Ralph (the owner of the house I rent a room in) celebrated a birthday last week, so I decided to throw him a party, complete with a cake.  I asked Autumn if she would help me (a clever ruse to kidnap her beautiful kitchen) and planned to head over there Wednesday after work. 

I was planning on making a jelly roll, and frosting it to look like a birch log, making some crack about "another year down!"  chopping down trees sort of thing.  Decorating looks pretty easy, would turn out really well, etc.  However, I didn't realize that jelly rolls are actually difficult to make.  Involving beating egg yolks for 5 minutes (hooray the kitchenaide) and whipping egg whites to the point of stiff peaks.  Not that those things are particularly hard, just quite involved.  Then you fold stuff together, and bake for 15 minutes, and flip it over on a towel covered in powdered sugar, roll up, and let cool before unrolling to spread the filling out.  Re-roll, and decorate. 

Armed with Autumn's mantra of "frosting covers a multitude of sins" we start on this adventure.  We followed the directions, mostly.  I got a little impatient with the egg yolks, so I shorted them about a minute of whipping.  Not detrimental.  I got things a little out of order when it comes to folding them together.  Shouldn't matter.  Baked it fine, maybe a little dry on one side.  Our big problem came when it hung on to the pan for dear life.  Yes, to those of you asking, we did grease the pan.  We flipped it over onto the towel (insert physics lesson here regarding displaced air and powdered sugar's nearly weightless state, resulting in displaced air transferring powdered sugar EVERYWHERE).  No luck.  We tapped on the pan.  The only result of that was more powdered sugar shooting out the sides.  Finally Autumn handed me a spatula.  The thing came off in chunks.  Non-salvagable chunks.  Even frosting couldn't piece this jelly roll together. 

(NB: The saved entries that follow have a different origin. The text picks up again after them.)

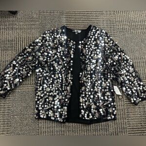 NWT LuLaRoe Elegant Stella jacket in size M. Love the sparkles on this one. I was looking forward to wearing this but I never go anywhere fancy. So fun. There is no stretch to this one. Perfect for NYE. Help me clear out the closet.
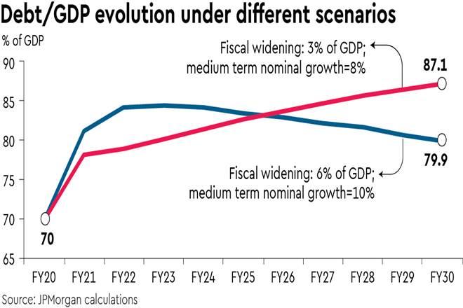 Thus far, the “fiscal space” debate in India has centred exclusively on this year’s deficit and how it will be financed. How much will the deficit go up? How much can it go up? Who will absorb the extra issuance? But, a more holistic assessment of fiscal space—and one that ratings agencies and foreign investors will eventually focus on—is the government’s intertemporal budget constraint and how India’s Debt/GDP evolves in the coming years. How much will India’s Debt/GDP jump up this year? More importantly, what happens thereafter? Will Debt/GDP keep rising year after year? Or will it start declining? As research has found, it is typically the trajectory of Debt/GDP—more than the level—that impacts future growth.
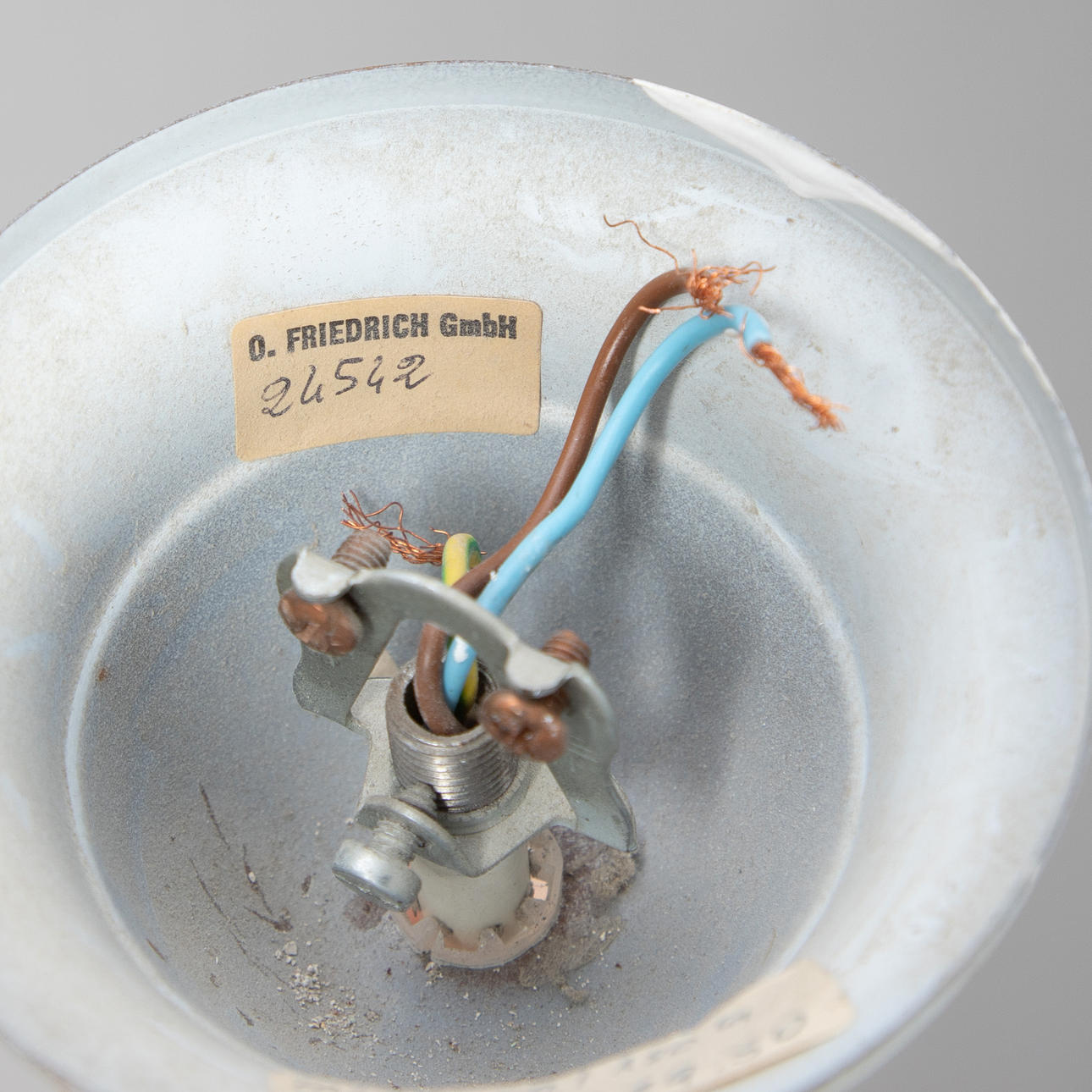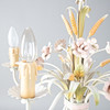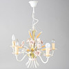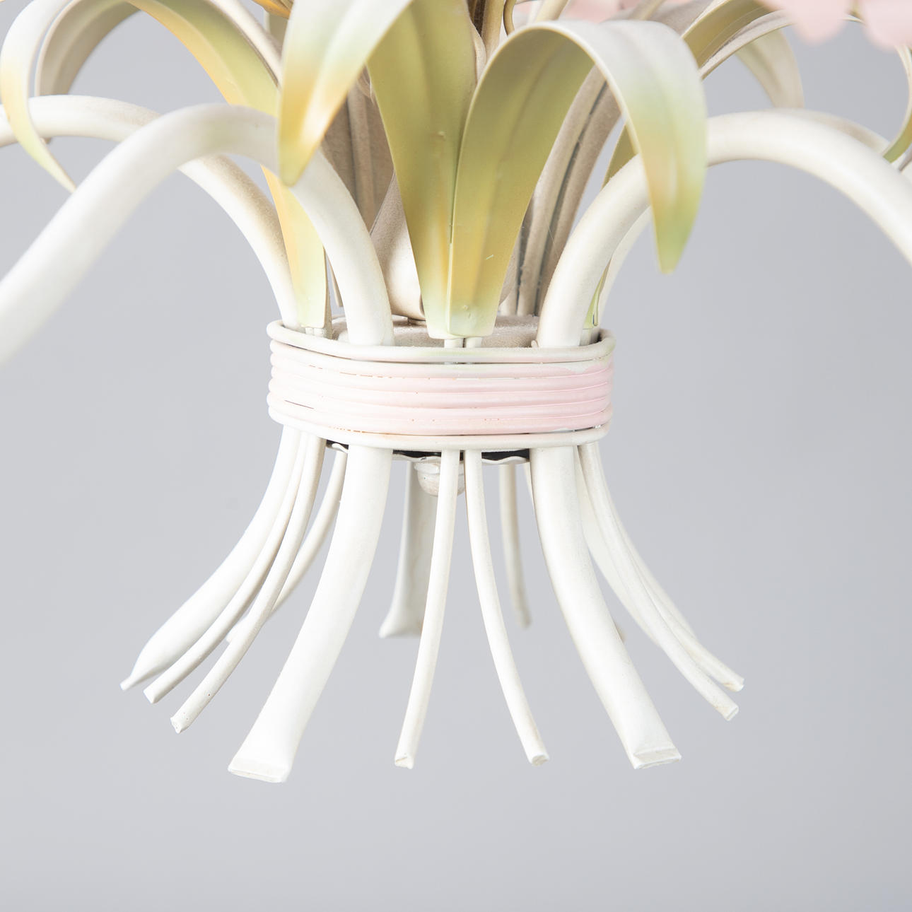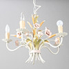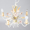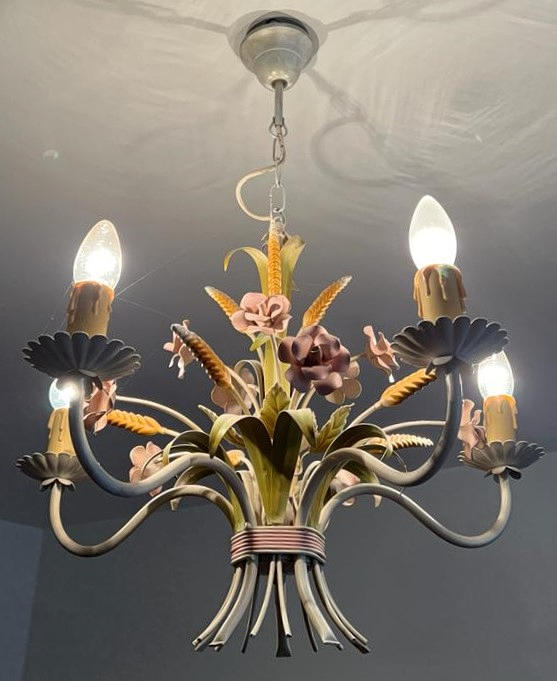 Kronleuchter / Deckenleuchte, Metall, Kunststoff, 20. Jh. Konstruktion aus lackiertem Metall mit geschwungenen Armen und floraler Rankenornamentik. 5 Brennstellen, E14 Fassungen und Kerzenhülsen aus Kunststoff. Mit Herstelleretikett bezeichnet 'O. Friedrich GmbH'.

Thankful for plan B, I ran home and grabbed some boxed cake mixes, and made a lovely double layered cake, complete with artwork from Ralph's 5 year old grandson adorning the top.  The guys in the hangar even got to enjoy "brownie thins" the next day, so it wasn't a total loss! 

My aunt suggested baking the jelly roll on parchment paper.  It will come out of the pan easier, and you can peel the paper off before rolling in the towel.  I guess this won't be my last jelly roll attempt...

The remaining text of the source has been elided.